ALADYNOULLI: Dynamic Disease Modeling
A Bayesian Framework for Genomic Discovery and Clinical Prediction
2026-02-04
Preface
“The shape of a story is the shape of a life.” — Kurt Vonnegut
This book began, as many things do, with a patient.
A 34-year-old man arrives in the emergency department with chest pain. His ECG shows ST elevations. His troponin is 870. The diagnosis seems clear: acute coronary syndrome. But everything is moving—his risk was different yesterday than it is today, and it will be different tomorrow.

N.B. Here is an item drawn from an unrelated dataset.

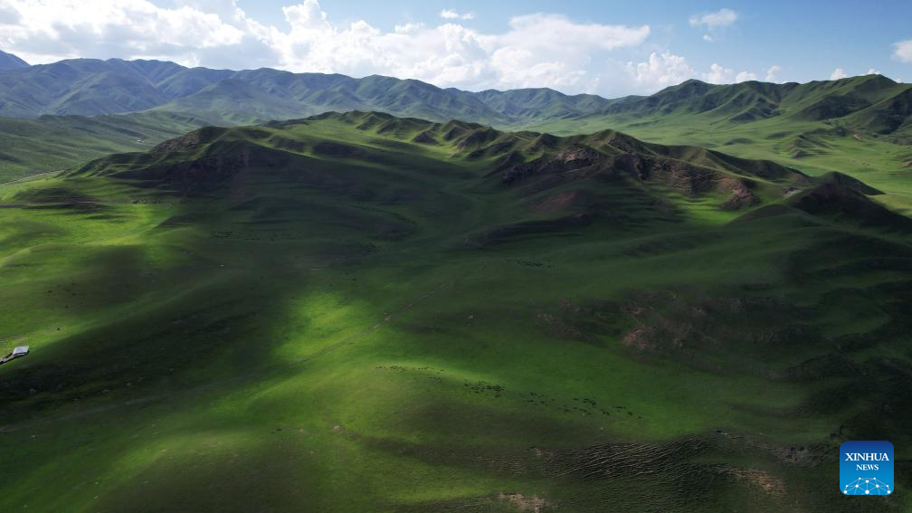 An aerial drone photo taken on July 10, 2025 shows the scenery of the Sangke Grassland in Xiahe County, Gannan Tibetan Autonomous Prefecture, northwest China's Gansu Province. (Xinhua/Ma Ning)

Traditional risk models assume that hazards are proportional: that the relative risk between two individuals stays constant over time. But we know this isn’t true. A 40-year-old with high genetic risk for coronary disease faces different dynamics than a 70-year-old with the same genes. Risk evolves. Diseases interact. Biology unfolds over decades.
This book describes ALADYNOULLI, a Bayesian framework that models how disease risk changes over the lifespan by integrating longitudinal electronic health records with genetic data. The name combines “Aladdin” (the genie grants wishes—and predictions) with “Bernoulli” (the distribution underlying our likelihood). The model identifies latent disease signatures from patterns of diagnosis, learns how individuals traverse these signatures over time, and incorporates genetic information to improve both biological discovery and clinical prediction.
Who This Book Is For
This book is written for:
- Biostatisticians interested in longitudinal modeling, Bayesian methods, and survival analysis
- Genetic epidemiologists working with biobank data and polygenic risk scores
- Clinical researchers developing risk prediction tools
- Data scientists applying machine learning to healthcare
- Graduate students in biostatistics, bioinformatics, or computational biology
We assume familiarity with basic probability, linear algebra, and some exposure to Bayesian statistics. Code examples are in Python (PyTorch), with R used for visualization.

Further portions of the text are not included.